I would concur with the author that Greg Chappell is not the first person we should be blaming for this debacle.
Sunny G has been quoted as saying "The Indian players never had the wherewithal to rise to the occasion since my playing days in 1970s". Of course, as 39 in 60 overs would suggest, that's absolutely true. How then do we expect that not having a foreign coach would benefit this team in any way? How can we expect that the desi coach would not resort to favoritism and lead the team backwards instead of forward?
The blame, lies with the selection committee. On what basis what Sehwag persisted with? What are the instructions for Tendulkar as a team member? Dravid included Sehwag based on liking, not on form or fitness. Is the board going to inquire the true reasons for the appalling fitness levels in the team, despite there being all sorts of experts to help? Does this point to the sudden disappearance of the training skills of these trainers or the inability and unwillingness of our players to adopt the regimen pointed out?
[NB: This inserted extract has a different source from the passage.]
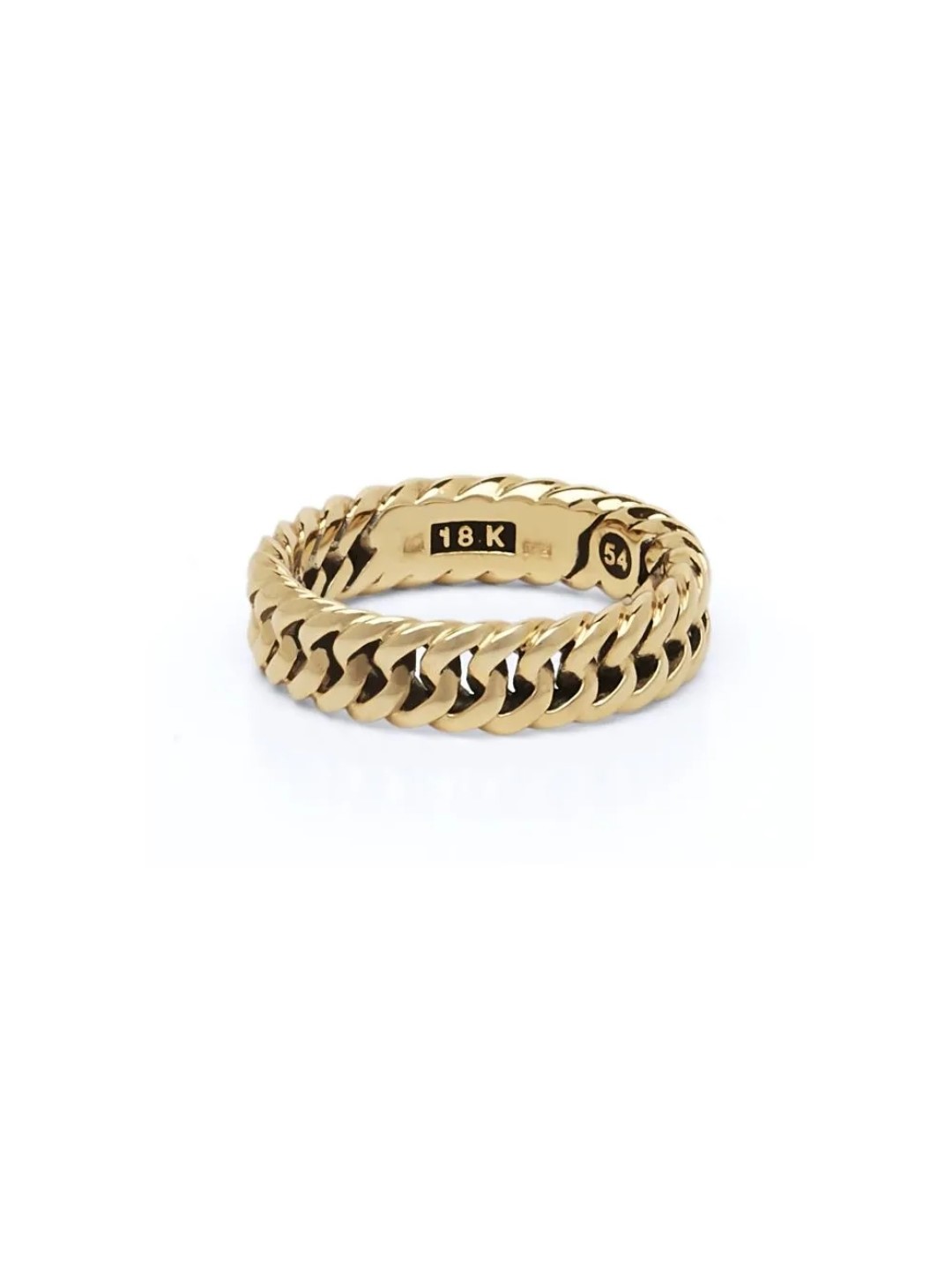 De gouden Chain ring is een slankere versie van de Chain ring uit de bestselling Heritage collectie. Omgetoverd in 18 karaats geelgoud. Handgemaakt en tijdloos zoals alle Buddha to Buddha sieraden. De ring laat zich perfect combineren met andere Buddha to Buddha sieraden en wordt verpakt in een luxe geschenkverpakking. Deze ring valt in de categorie smalle ringen.

What good was Ganguly to the team, for all his experience and 'sterling comeback'? Can't we expect him to win one match out of three on his own, when it mattered so much? Same goes for Tendulkar and for Dravid. One more person to be included in this list is Yuvraj Singh. He has been around the team long enough to be counted a senior, and he has consistently failed to deliver at the crucial junctures. We do not expect him to be a Hussey (who's a later entrant to the game) or Bevan or Ponting, but he can be a Bravo or Shoaib Malik or AB deVilliers? These guys are nowhere near as talented as Yuvraj, but they give their last ounce of sweat and blood on the field. Is 100% too much to ask from these enormously highly paid, endorsed and worshipped players?
If Laxman was sacked because he was a liability in the field, how is it any different for Kumble and Ganguly? Wasn't Laxman equally gifted, if not more? And I am not advocating his re-inclusion here. If players are to fail at times when required, why not persist with Kaif, Raina and Dinesh Karthik? I have lost count of the innumerable times that Tendulkar has a) harmed the team's cause by playing so defensively as to make Paul Harris look like Bedi or Vettori and b) failing to produce an innings in a match that matters. Seriously, I cannot even get myself to comment on him anymore.
The way out of this is to retain Dravid, for anyways he is the only one who matters to our Test team, include Raina, Kaif and Karthik (whose much more solid, technically sound and reliable than Dhoni, 183 notwithstanding) to our ODI team, bring in Romesh Powar, who'll bowl to get wickets, not to escape hammering, and RP Singh (Agarkar, on average, bowls more bad balls an over than RP does). Gambhir is as frivolous as Sehwag, but there is a chance he might remember the hurt it might have caused to have been dropped from the WC squad just a month before departure, and learn something from it.
Four years is the right time to hope that our bench strength improves and these youngsters rise to expectations, but we cannot spend four years investing our time and money in players past their prime, resting on laurels, liabilities on the field, hoping that they do not again let us down the way they've done time after time so far.